Westwood also filed motions to seal its memorandum in support and reply brief in their entirety. (ECF 86, 96). The Court will address those motions in a separate order filed contemporaneously herewith.
Westwood also filed a request for oral argument on the motion to amend. (ECF 85). The Court finds that oral argument is unnecessary, and thus that motion will be denied.
A. Factual and Procedural Background
On March 2, 2021, Westwood, an audio network, filed this action against LRN, a competing radio broadcasting business, alleging that LRN infringed Westwood's United States Patent Nos. 7,860,448 (“the ‘448 Patent”) and 7,412,203 (“the ‘203 Patent”) by making, using, selling, offering for sale, and importing its Radio Velocity Control (“RVC”) computer hardware and software technology. (ECF 1 ¶¶ 1, 6, 13, 37; see ECF 82 at 2). LRN filed a motion for judgment of invalidity on May 17, 2021 (ECF 18), and the Court stayed discovery pending the District Judge's ruling on the motion (ECF 28). On May 24, 2021, Westwood filed an amended complaint (ECF 29), rendering the motion for judgment of invalidity moot (ECF 30). However, on June 15, 2021, LRN filed another motion for judgment of invalidity based on the amended complaint. (ECF 35).
On January 21, 2022, the District Judge denied LRN's motion for judgment of invalidity. (ECF 45). The parties filed an amended report of parties' planning meeting on February 14, 2022, and two days later, the Court held a preliminary pretrial conference. (ECF 50, 51). The Court entered a scheduling order thereafter in accordance with Federal Rule of Civil Procedure 16(b), setting a fact and expert discovery deadline of “210 days after entry of the Court's claim construction order.” (ECF 52 ¶ 3). As to any amendments to the pleadings, the Court wrote:
The last date to amend the pleadings without leave of Court is the date by which N.D. Ind. L.P.R. 71-(b)(1) exchanges are due. Otherwise, the last date for the parties to seek leave of Court to amend the pleadings is 28 days after entry of the Court's claim construction order.(Id. ¶ 4 (emphasis omitted)). Upon joint motions by the parties, the Court subsequently extended these deadlines to: July 22, 2024, for the completion of fact and expert discovery; May 23, 2022, for amending pleadings without leave of Court; and July 24, 2023, for seeking leave of Court to amend pleadings. (ECF 56, 57, 78, 79, 99, 100). The Court also set a deadline of March 21, 2024, for the filing of dispositive motions, which was later extended to August 22, 2024. (ECF 79, 99, 100). On April 25, 2023, the District Judge issued her Opinion and Order on claim construction. (ECF 77).

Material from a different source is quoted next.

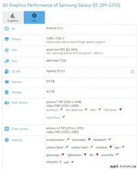 最近,三星连续发布了新机型Note 5和S6 edge+,没过多久现在又有新机被曝光了。但是这次不是高端的旗舰机型,而是一个新的系列,三星Galaxy O系列,首款机型Galaxy O5。该机配置在GFXBench数据库被曝光,编号为SM-G550。 由数据库给出的资料可以看出,该机搭载了32位四核1.3GHz的Exynos 3475处理器,跟之前入门级机型Galaxy J2相同。1GB运行

Westwood filed the instant motion to amend its complaint on July 24, 2023, the deadline for the parties to seek leave of Court to amend the pleadings. (ECF 81). In the proposed amendment, Westwood seeks to add two defendants: SBC, a broadcasting company owned by Steve Swick, who also owns LRN; and Reeves, an LRN employee who was formerly employed by Westwood. (ECF 82 at 1-3). Westwood claims that it recently received through LRN's disclosure of additional responsive discovery documents: (1) substantial evidence of the full scope of patent infringement and SBC's role therein, and (2) substantial evidence that Reeves “was secretly leaking Westwood's . . . confidential and trade secret information to SBC/LRN for years before he officially resigned from Westwood ....” (ECF 82 at 7 (emphasis omitted)). In its proposed amended complaint, Westwood expands its operative two-count patent infringement complaint against LRN (ECF 29) to an eight-count complaint against LRN, SBC, and Reeves, which includes two counts of patent infringement against LRN and SBC; breach of contract and breach of fiduciary duty claims against Reeves; a tortious interference with contract claim against LRN and SBC; and tortious interference with contract or business relationship and state and federal trade secret misappropriation claims against all Defendants (ECF 89-1).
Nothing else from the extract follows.